Юрий Маркович Нагибин Надгробье Кристофера Марло
— Если чума в Лондоне продлится хотя бы еще месяц, Дептфорд несомненно обретет высокий чин города, — говорил Кристофер Марло, актер и поэт, молодому аристократу по имени Кеннингхем. — Кабаки растут, как грибы, что ни день открываются новые гостиницы и постоялые дворы. Вчера зажегся красный фонарь первого публичного дома.
— Он скоро погаснет, — меланхолически произнес высокий, стройный, весь в черном, Кеннингхем. — Местным девкам не выдержать конкуренции нахлынувших сюда лондонских шлюх.

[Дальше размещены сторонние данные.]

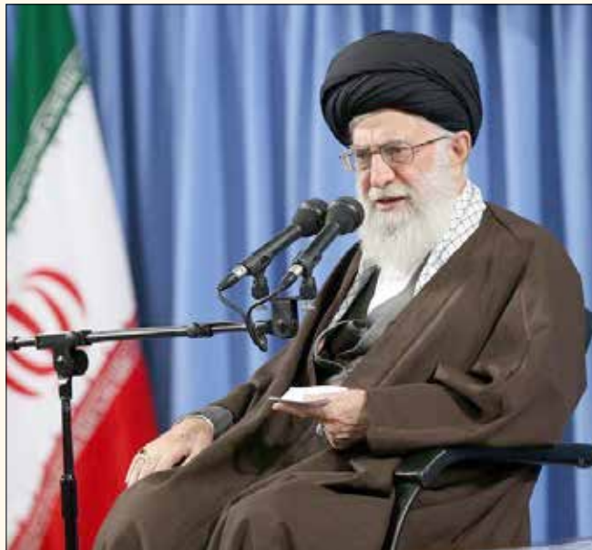
خامنه ای فرمانده معظم کل قوا در دانشگاه پدافند هوایی خاتم الانبیاء (ص) برگزار شد. محوره ای بیانات مقام معظم رهبری در این

مراسم به شرح زیر است: ۱- یکی از برنامه های دشمن، تغییر محاسبات مسئولان و مؤثران فکری و همچنین احاد مردم است تا منافع حقیقی و ملی خود را نتوانند به درستی تشخیص دهند. ۲- گاهی اوقات دشمن در رایانه عمومی مدیریت یک کشور و اندیشه و محاسبات آنها اثر می گذارد اما یک ملت آزاده هیچ گاه از این اقدام تأثیر نمی پذیرد و شجاعانه به دنبال منافع ملی خود می رود. ۳- اگر در جامعه ای امنیت نباشد، امکان فعالیت های اقتصادی، علمی و تحقیقاتی و کارهای فکری و فرهنگی وجود نخواهد داشت، بنابراین حفظ امنیت یک وظیفه فوق العاده بارز است که باید قدر آن دانسته شود. ۴- دلسوزان عراق و لبنان بدانند اولویت اصلی، علاج نامنی است و مردم این کشورها نیز متوجه باشند که دشمن به دنبال برهم زدن ساختارهای قانونی و ایجاد خلاء در این کشورها است و تنها راه رسیدن مردم به مطالبات بر حقی که دارند، پیگیری آنها در چارچوب ساختارهای قانونی است. ۵- عامل این خباثت ها و کینه روزی های خطرناک، شناخته شده هستند و در پشت این
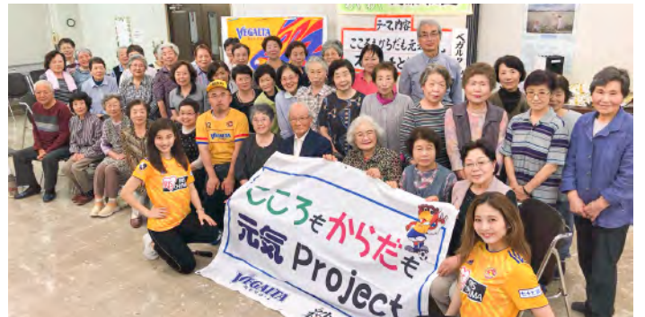
6月4日(火) 仙台市 将監南集会所
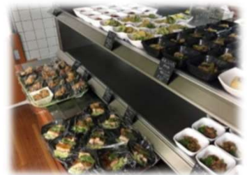
職員のみが利用できる「職員食堂」
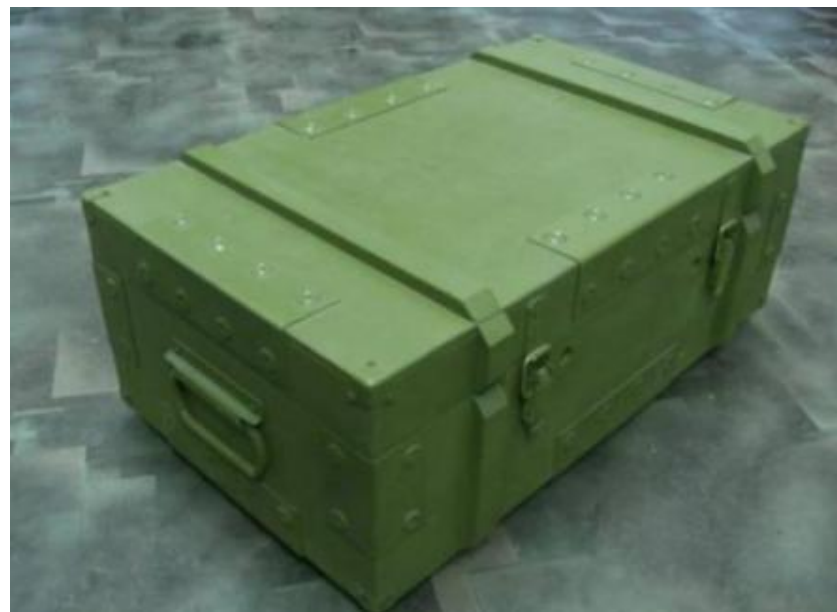
Ящики - тара для снарядов и патронов
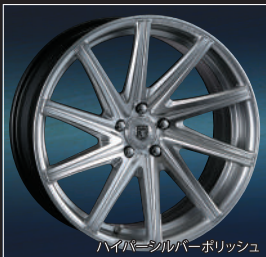
ハイハイシルバーポリッシュ

— Лондонских дам, хотите вы сказать.
— Это одно и то же, — небрежно уронил Кеннингхем. — Профессиональные шлюхи верны Лондону. Они там нарасхват. Чума неизмеримо повысила цену наслаждения. А дамы, нашедшие приют в Дептфорде, вознаграждают себя за утрату столицы языческой свободой.
— Да… — согласился Марло и притуманился, замолчал.
Они стояли посреди главной улицы селения, пыльного большака, заросшего по обочинам лопухами, подорожником, чертополохом, еще не распустившим свои пунцовые, душно пахнущие соцветия. Сельский вид улицы не соответствовал ее населенности, нарядности толпы, изысканным туалетам дам, обметавшим пыль Дептфорда атласными и бархатными юбками. Пересохшая в майское бездождье глинистая почва порошилась красноватым прахом, ярко окрашивая женские подолы, головки мужских замшевых сапог, копыта лошадей, колеса карет и телег. Гарцевали всадники, искусно горяча статных, тонконогих коней. За стеклами карет мелькали перья, меха, драгоценности, по гербам на дверцах можно было узнать самые громкие имена Англии. Каретам уступали дорогу, опасно сворачивая впритык к домам, телеги, груженные мясными тушами, битой птицей, мешками с мукой, вонькой рыбой в бочках. Не в силах прокормить нахлынувшие толпы, Дептфорд скупал продовольствие в окрестностях.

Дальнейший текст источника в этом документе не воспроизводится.